Thursday, August 19, 2010

On Meteors and Cicadas

Every year, two things creep up on me and remind me that it is August, not April, and that the curtain on Vermont’s summer will soon be drawn.

The first is the Perseid meteor shower, an annual display of heavenly fireworks that happens at the end of the second week in August each year as the Earth passes through the 130-year orbital path of the comet Swift-Tuttle.

The second is the realization that the sawing noise I’m hearing is not a neighbor weed-whacking but the annual return of the cicada, newly transformed from its underground nymph stage to its adult, tree-climbing stage where it makes as much noise as possible to attract a mate.

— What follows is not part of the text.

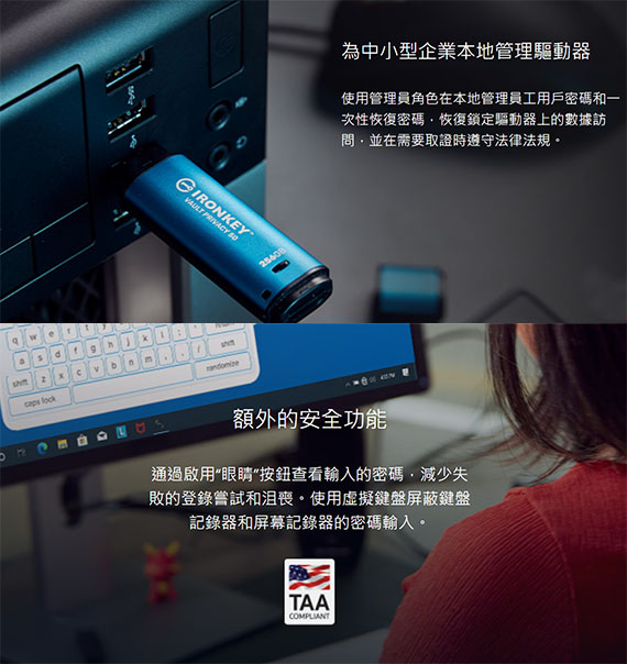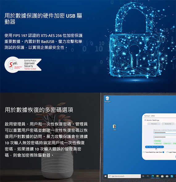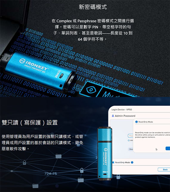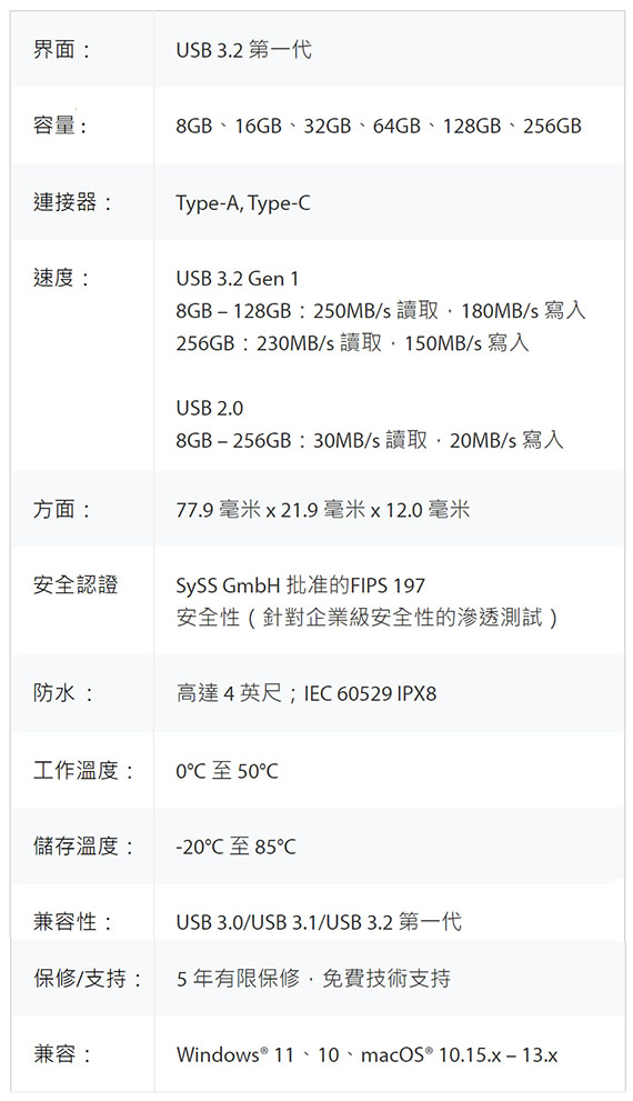 ![]() 【商品介紹】 金士頓 IronKey Vault Privacy 50 系列 用於數據保護的 FIPS 197 認證和 XTS-AES 256 位加密 USB 驅動器

From astronomical and entomological perspectives, these phenomena are worth a lot of study. For me, however, they simply mean that I have run out of time. School is about to start, I have to commit to a pre-buy, and I’m looking at the calendar wondering where did all the time go.

Leaving aside the concerts, plays, openings, and other events I have been unable to get to (and God forbid I neglect visits to grand-parents and vacations with in-laws!), there are so many planning meetings, marketing meetings, development meetings, advocacy meetings still to shoe-horn in, I simply don’t know how it will all happen before Labor Day.

But somehow it will.

We all take advantage of as much as Vermont has to offer in the summer from fresh produce at farmer’s markets, to isolated lean-tos on lakes with loons, to incredible cultural events where mountain or lake views vie with the performers for the audience’s attention.

But today it’s all I can do to keep from wishing that it was April and that I still had the whole summer to get the rest of what I wanted to do, done.

First on my list...Basin Harbor. What a great program they have involving artists, adirondack chairs, the lake, fine dining and an auction to benefit the Arts Council.

I wonder how the meteors look and the cicadas sound over by the lake?